Your goal> Up to and including the line that holds "Per donna Top", copy every line of the records below exactly, starting at the first; leave pictures out.

(Items from a data source)

+--

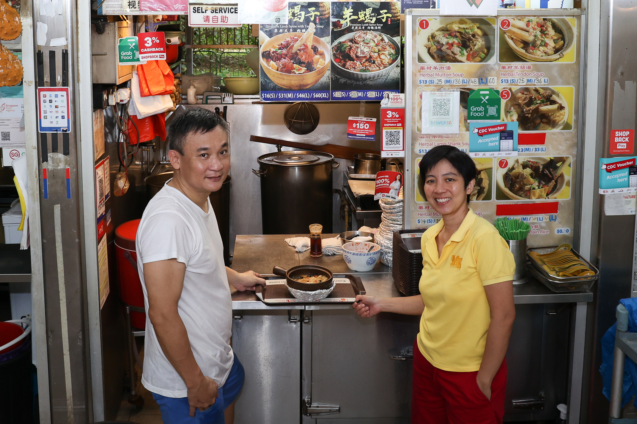 在巴西班讓熟食中心售賣海南藥材羊肉湯的邢愛薇(右)和丈夫黃守銘(左),希望租用食品廠的設備制作可常溫保存的羊肉湯,拓展海外市場。(蔡家增攝)
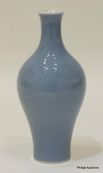 The vase of pear-shaped form with a tall, slender neck and slightly flared mouth, covered in a sky blue 'clair-de-lune' glaze, the underside with Qianlong mark.
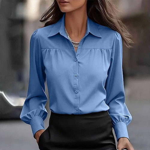 Per donna Top estivi Blusa Top Eleganti Tinta unica Semplice Elegante Vintage Signore Manica Lunga Manica a Lanterna Colletto a Camicia Top Regolari Quotidiano Lavoro Ferie Arricciato Patchwork
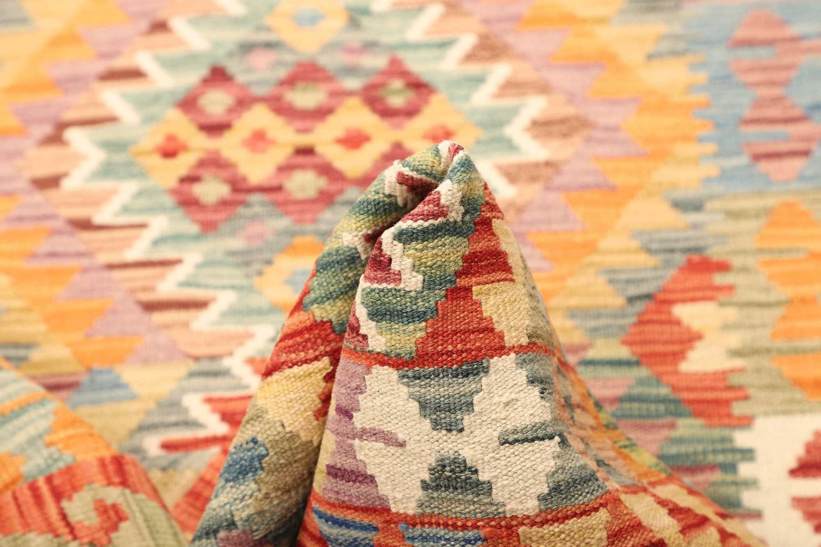 Der handgewebte Kelim Teppich ist mehr als nur ein Bodenbelag – er ist ein Kunstwerk, das Tradition und Handwerkskunst in Ihr Zuhause bringt. Mit seiner rustikalen Ausstrahlung und den vielfältigen Einsatzmöglichkeiten wird dieser Teppich schnell zu einem beliebten Element in Ihrer Einrichtung. Genießen Sie die warme Atmosphäre, die dieser Teppich schafft, und profitieren Sie von seinen praktischen Eigenschaften über viele Jahre hinweg.
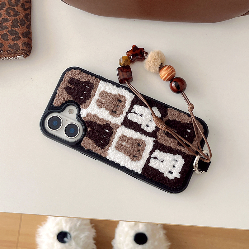 MADE🤎🐰 토끼 패턴 뽀글이 털 폰케이스 아이폰 7 8 SE2 x 11 12 13 14 15 16 17 미니 프로 갤럭시 S25 S24 23 Z플립
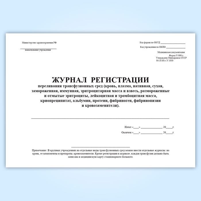 Журнал регистрации переливания трансфузионных сред (форма 009/у) в Ачинске купить

+--

Your response>
 在巴西班讓熟食中心售賣海南藥材羊肉湯的邢愛薇(右)和丈夫黃守銘(左),希望租用食品廠的設備制作可常溫保存的羊肉湯,拓展海外市場。(蔡家增攝)
 The vase of pear-shaped form with a tall, slender neck and slightly flared mouth, covered in a sky blue 'clair-de-lune' glaze, the underside with Qianlong mark.
 Per donna Top estivi Blusa Top Eleganti Tinta unica Semplice Elegante Vintage Signore Manica Lunga Manica a Lanterna Colletto a Camicia Top Regolari Quotidiano Lavoro Ferie Arricciato Patchwork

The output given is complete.